Int J Food Microbiol. 2007 May 30;116(3):400-4. doi: 10.1016/j.ijfoodmicro.2007.02.010. Epub 2007 Mar 6.

Abstract

This study investigated the survival of a five-strain Shigella sonnei cocktail on smooth tomato surfaces, in potato salad and in raw ground beef. All inocula were resistant to the antibiotic rifampicin to allow simple detection of the target culture among the indigenous microflora of the food samples. Inoculated tomatoes were stored at 13 degrees C/85% relative humidity, the standard holding conditions for mature, green tomatoes. Inoculated potato salad and ground beef samples were stored at 2.5 degrees C and 8.0 degrees C to study the effects of varied refrigerated temperatures. Surviving populations were estimated using a three-tube most probable number (MPN) method. Tryptic soy broth tubes supplemented with 100 ppm rifampicin were inoculated with appropriate dilutions of the recovered inocula and scored for growth after overnight enrichment. S. sonnei populations declined rapidly to undetectable levels (2 days) when dried on smooth surfaces of tomatoes.

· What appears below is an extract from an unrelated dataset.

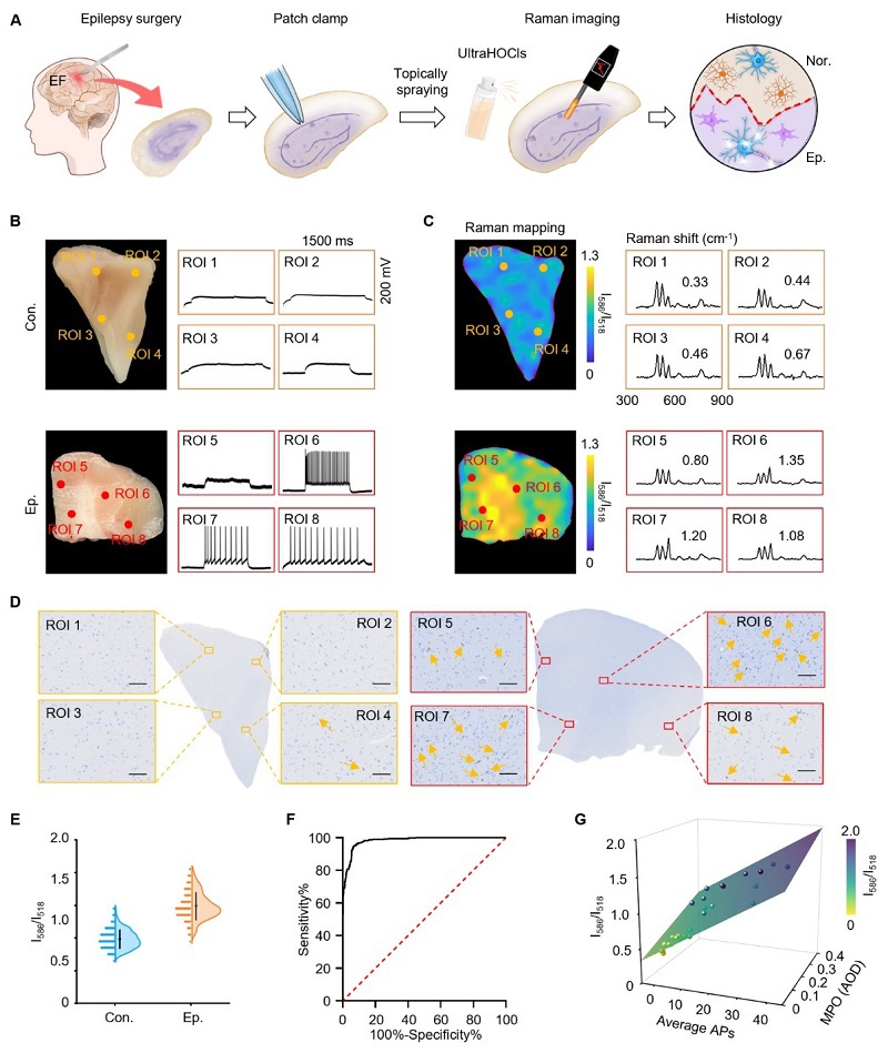 图 7.UltraHOCls成像来自DRE患者切除组织样本癫痫病灶。(A) 实验流程示意图。(B) DRE患者和对照患者的切除新鲜标本中选定ROI注射0-pA电流诱导的动作电位(AP)序列的照片及其对应的AP序列。(C) 在脑切片选定ROI喷洒ultraHOCls后的拉曼信号mapping图及典型拉曼光谱。(D) 来自DRE患者和对照患者切除组织中的MPO免疫组化。比例尺为100 μm。(E) 喷洒ultraHOCls后脑切片中I586/I518比值的小提琴图。(F) ROC曲线显示ultraHOCls在区分癫痫组织与非癫痫组织方面的性能。(G) I586/I518比值与MPO表达及由0-pA至140-pA范围内的电流注射诱导的平均动作电位序列数量成正比。

S. sonnei populations did not decrease in potato salad and ground beef stored at 2.5 degrees C and 8.0 degrees C over the shelf-life of the products.

摘要

本研究调查了五株宋内志贺氏菌混合菌落在光滑番茄表面、土豆沙拉和生牛肉末中的存活情况。所有接种物均对利福平耐药,以便在食品样本的原生微生物群落中简单检测目标培养物。接种后的番茄储存在13摄氏度/相对湿度85%的条件下,这是成熟绿番茄的标准保存条件。接种后的土豆沙拉和牛肉末样本分别储存在2.5摄氏度和8.0摄氏度下,以研究不同冷藏温度的影响。使用三管最大可能数(MPN)法估算存活菌数。将补充有100 ppm利福平的胰蛋白胨大豆肉汤管接种适当稀释度的回收接种物,并在过夜富集后对生长情况进行评分。当在番茄光滑表面干燥时,宋内志贺氏菌数量迅速下降至检测不到的水平(2天)。在产品保质期内,储存在2.5摄氏度和8.0摄氏度下的土豆沙拉和牛肉末中的宋内志贺氏菌数量没有减少。